- **WHAT IS NEEDED**
Copy the data that follows exactly as it is, excluding all pictures.

** Opening DATASET EXCERPT block **

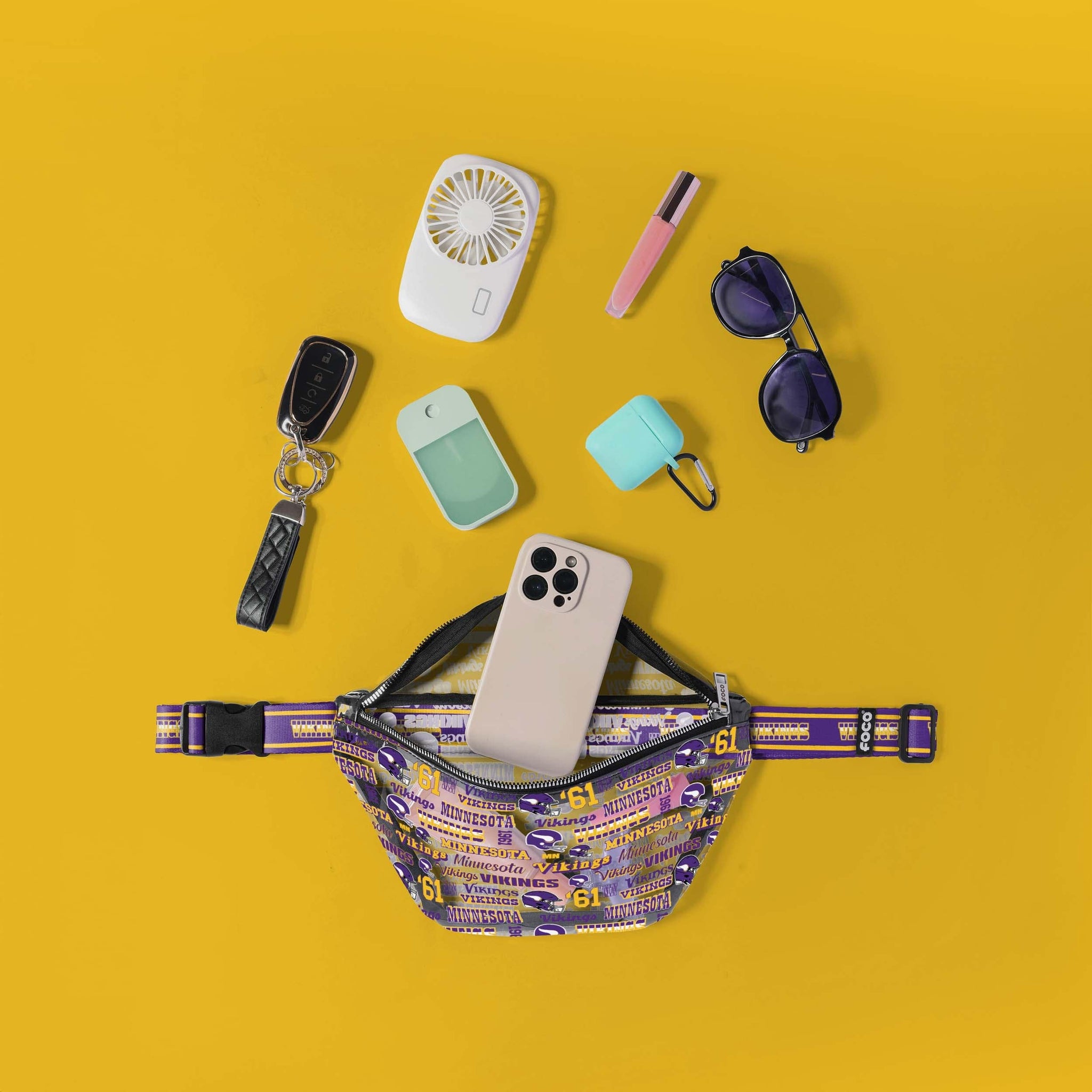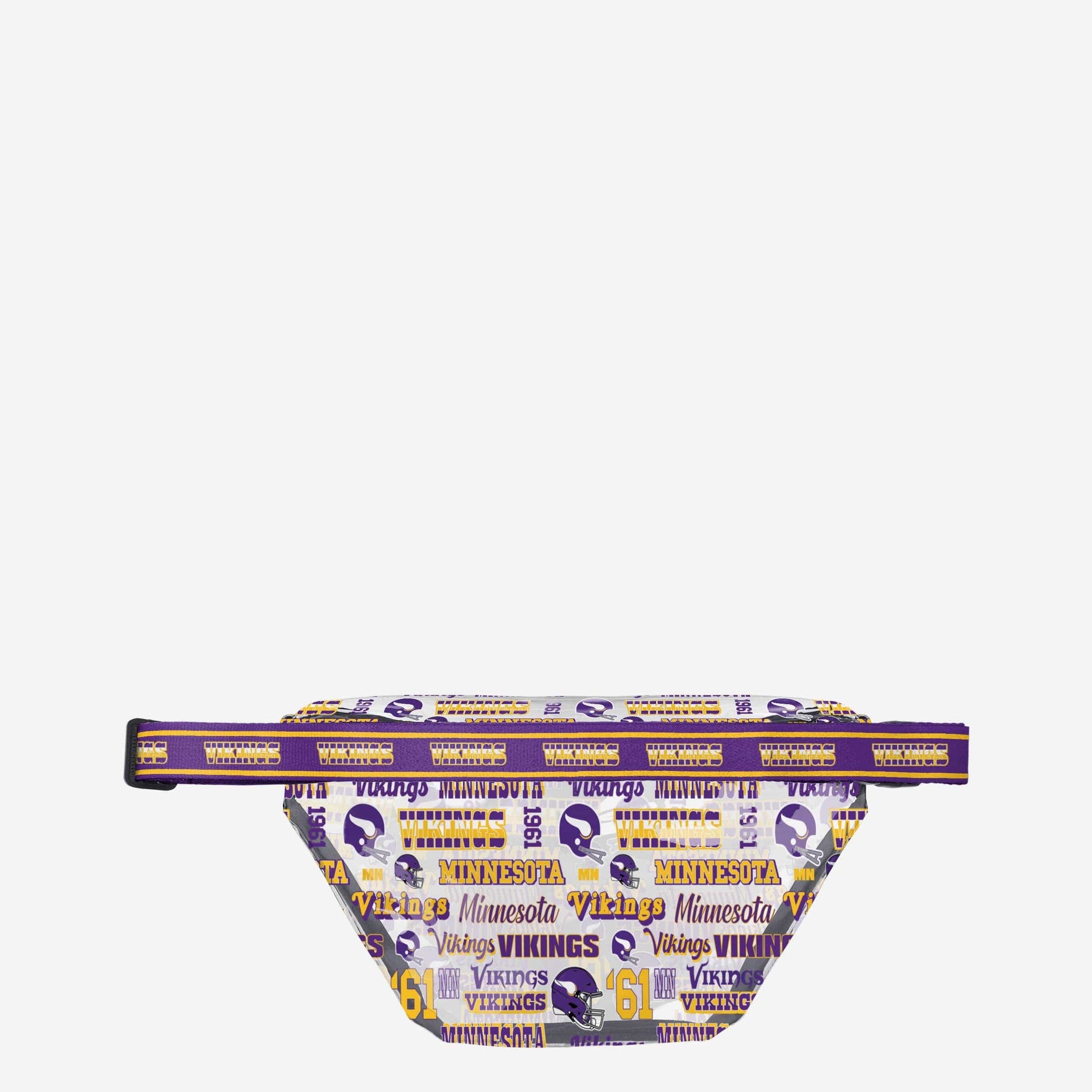 - Repeat Minnesota Vikings current and retro team logo and wordmark displays on the fanny pack, in case there were any doubts where your allegiances lie
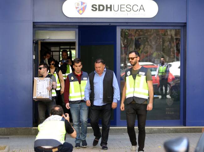 El presidente del Huesca Agustín Lasaosa sale arrestado de las oficinas del Huesca el pasado martes / Alvaro Jesus Calvo Lopez/Getty Images
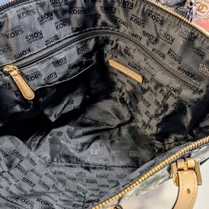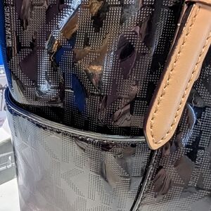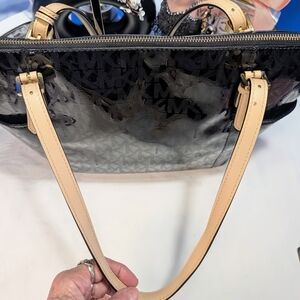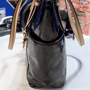 Michael Kors Monogram Black Patent Leather and Tan Totebag

** Closing DATASET EXCERPT block **

- **TASK ANSWER**
 - Repeat Minnesota Vikings current and retro team logo and wordmark displays on the fanny pack, in case there were any doubts where your allegiances lie
 El presidente del Huesca Agustín Lasaosa sale arrestado de las oficinas del Huesca el pasado martes / Alvaro Jesus Calvo Lopez/Getty Images
 Michael Kors Monogram Black Patent Leather and Tan Totebag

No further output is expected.